Selecting the Optimal Treatment Approach for Difficult-to-Treat, Relapsed/Refractory Myeloma

Article

Certain patient and disease characteristics must be considered to select the optimal treatment approach for difficult-to-treat patients with relapsed or refractory multiple myeloma.

Alessandra Larocca, MD, PhD

Alessandra Larocca, MD, PhD

Certain patient and disease characteristics must be considered to select the optimal treatment approach for difficult-to-treat patients with relapsed or refractory multiple myeloma, according to Alessandra Larocca, MD, PhD, who added that the introduction of several novel combinations has helped to improve outcomes in some of these challenging populations.

“Patients are really heterogeneous for different factors.

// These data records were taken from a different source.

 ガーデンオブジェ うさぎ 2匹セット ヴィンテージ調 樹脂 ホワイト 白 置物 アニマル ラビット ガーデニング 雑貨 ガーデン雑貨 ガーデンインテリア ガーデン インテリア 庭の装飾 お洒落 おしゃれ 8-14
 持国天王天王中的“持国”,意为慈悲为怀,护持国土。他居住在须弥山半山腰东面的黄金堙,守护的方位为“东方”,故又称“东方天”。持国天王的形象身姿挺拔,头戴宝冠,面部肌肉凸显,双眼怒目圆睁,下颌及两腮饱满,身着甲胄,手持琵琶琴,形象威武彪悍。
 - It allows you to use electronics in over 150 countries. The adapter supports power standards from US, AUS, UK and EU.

These factors are related to the patient and their history, but are also related to the characteristics of the disease,” Larocca explained. “As such, when we approach the patient and we must decide on treatment, we must consider all these factors together. [Selection can be] particularly difficult in the relapsed/refractory setting because you must consider previous treatment, [including] response to therapy, the sensitivity of the disease, previous toxicity, and so on.”

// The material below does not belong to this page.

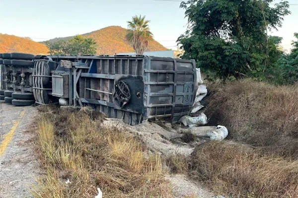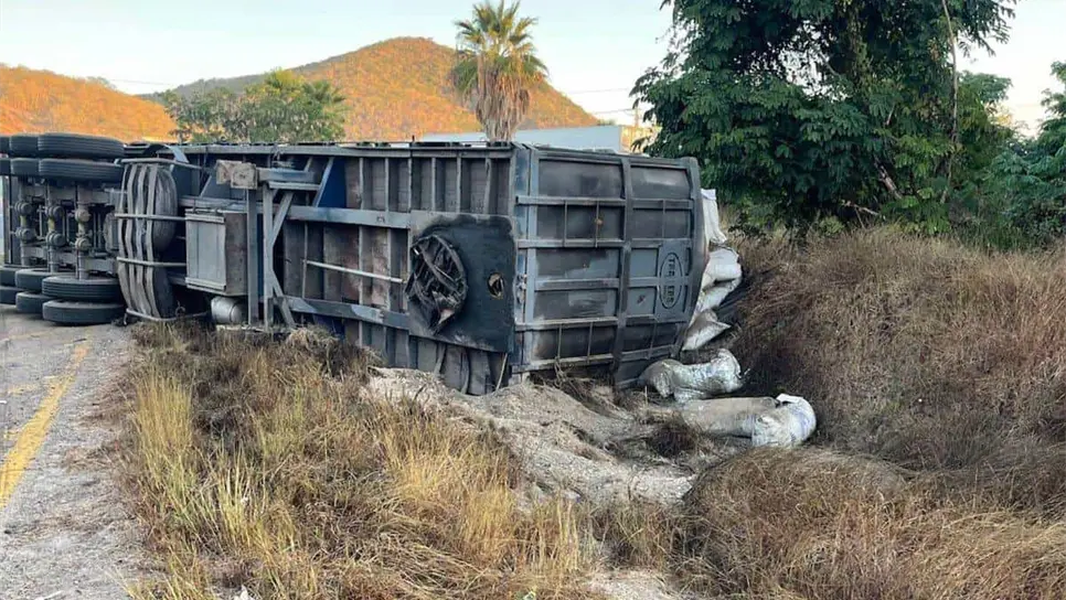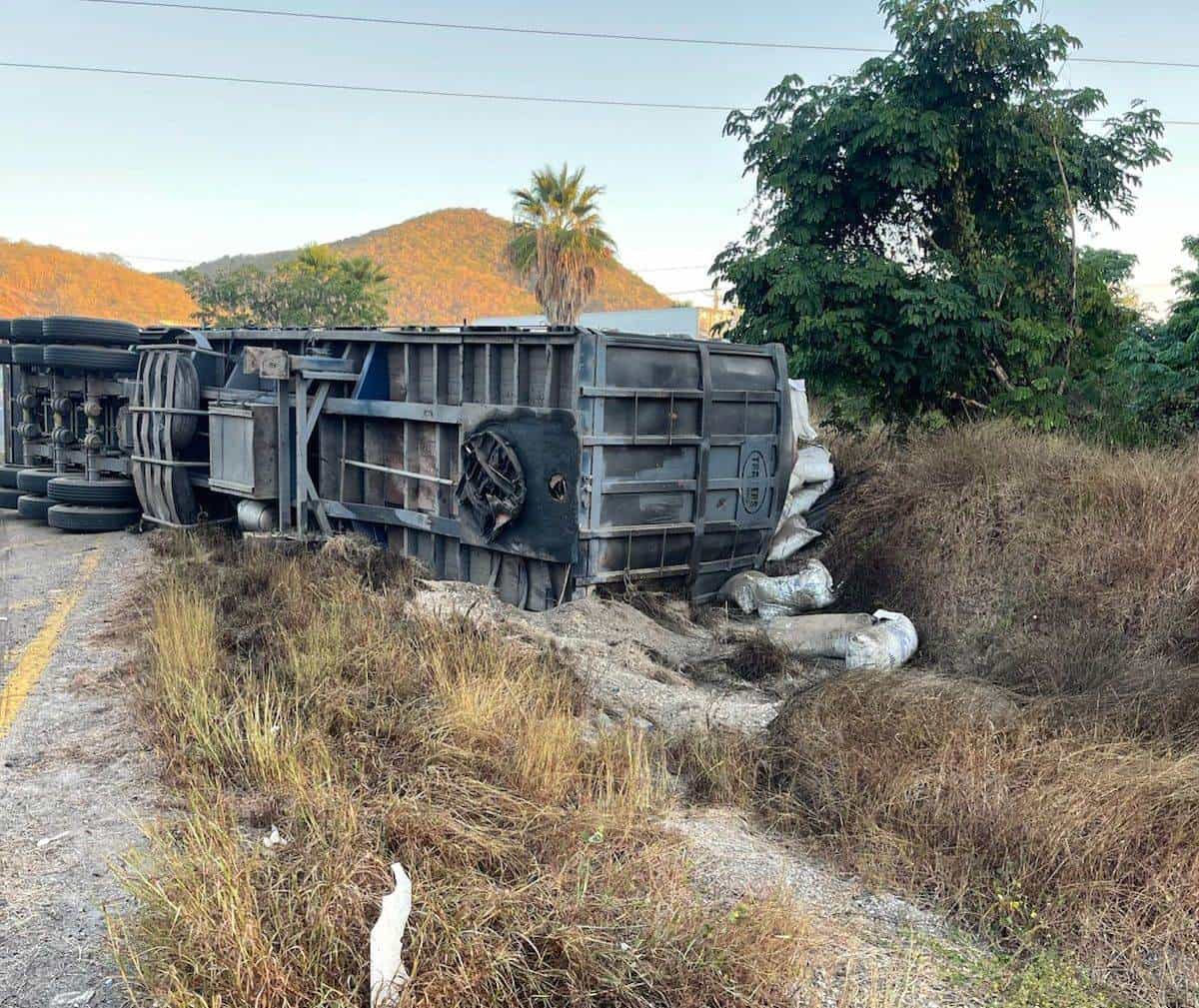De acuerdo a la información por parte de la Guardia Nacional, el tractocamión de color blanco jalaba un remolque cargado con sacos de harina de pescado, procedente de la ciudad de Culiacán, con destino a este puerto, cuando por el peso y la velocidad, lo hicieron que volcara en una curva.

In an interview with OncLive®, Larocca, consultant physician, Division of Hematology, Department of Hematology-Oncology, University Hospital Città Della Salute e Della Scienza, Torino, Italy, shed light on how to best manage the treatment of difficult-to-treat patients with relapsed or refractory multiple myeloma.

OncLive®: What characteristics make treating patients with relapsed or refractory multiple myeloma more difficult?

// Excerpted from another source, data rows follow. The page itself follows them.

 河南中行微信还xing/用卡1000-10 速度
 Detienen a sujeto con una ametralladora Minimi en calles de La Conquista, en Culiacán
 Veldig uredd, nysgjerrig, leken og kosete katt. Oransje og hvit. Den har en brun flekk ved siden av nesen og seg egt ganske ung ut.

Larocca: [To select the right treatment for these patients,] you must consider characteristics of the patient, [which includes] the presence of comorbidities, functional status, independence, social support, and the drugs that the patient takes for different disease. You also have to consider the characteristics of the disease: biological factors, the presence of chromosomal abnormalities at higher risk, aggressiveness of the disease, such as extramedullary disease, renal insufficiency, the presence of plasma cells in the peripheral blood, and so on.

How much does age factor into treatment selection? What is your experience with managing elderly or frail patients?

In particular for frail, elderly patients, the balance between these factors can be very difficult because you have to consider the characteristics of the disease, but also, the characteristics of the patient can have much importance. For example, you probably cannot use an aggressive treatment for these patients, because they may have some limiting factors, like comorbidities and the absence of social support. You must consider these factors. This [process] can [really] be more challenging in frail, [elderly] patients compared with younger, fit patients.

How do you approach those with high-risk cytogenetics?

For high-risk patients, you have to consider [all available options to determine] the best option—the combination of proteasome inhibitors, immunomodulatory drugs, and monoclonal antibodies against anti-CD38. You must [determine] the best treatment option [that will allow you] to achieve the deepest response possible and potentially minimal residual disease negativity.

What specific treatment challenges are associated with renal insufficiency?

It depends on the grade of renal insufficiency because [patients] can have mild, moderate, or severe renal insufficiency. All myeloma drugs can be used for [those with] renal insufficiency.

Proteasome inhibitors, in particular, bortezomib [Velcade], does not need dose adjustments whereas immunomodulatory drugs, such as lenalidomide [Revlimid], need an adjustment for the creatinine clearance of the patients. There is also no [dose] adjustment needed for pomalidomide [Pomalyst]. This is very important for anti-CD38 monoclonal antibodies. You have a spectrum of drugs that you can use [for these patients] depending on the grade of renal insufficiency, and some drugs can be adapted.

Looking to the future, are there any emerging therapies that could further improve treatment with any of these difficult-to-treat populations?

We're very lucky because in this era, we have different drugs and combinations that we can use. Anti-CD38 monoclonal antibodies…are well tolerated in elderly and frail patients.

Newer combinations are now available, for example, isatuximab [Sarclisa], pomalidomide, and dexamethasone [Decadron]. Daratumumab [Darzalex] combined with lenalidomide, or with VMP [bortezomib, melphalan, and prednisone], is approved both at relapse and diagnosis.

Based on the characteristics of the patients and the previous treatment [received] and their sensitivity or refractoriness to a drug, particularly lenalidomide, you can choose 1 of these options at [the time of] relapse. We also have available combinations with carfilzomib [Kyprolis], which is a second-generation proteasome inhibitor.

Were any exciting data presented during the 2021 ASH Annual Meeting that you wanted to highlight?

The data presented at the ASH Meeting regarding new immunotherapies, such as CAR T-cell products and bispecific [antibodies] are very interesting. The efficacy data presented [were encouraging], and [we are seeing that] the safety profile [of these agents] is improving with [more experience and] use of these agents. Some of these drug, for example, bispecific T-cell engagers and bispecific antibodies, may be useful for [the treatment of] elderly patients. All these data were impressive, and can potentially impact [clinical] practice in the future.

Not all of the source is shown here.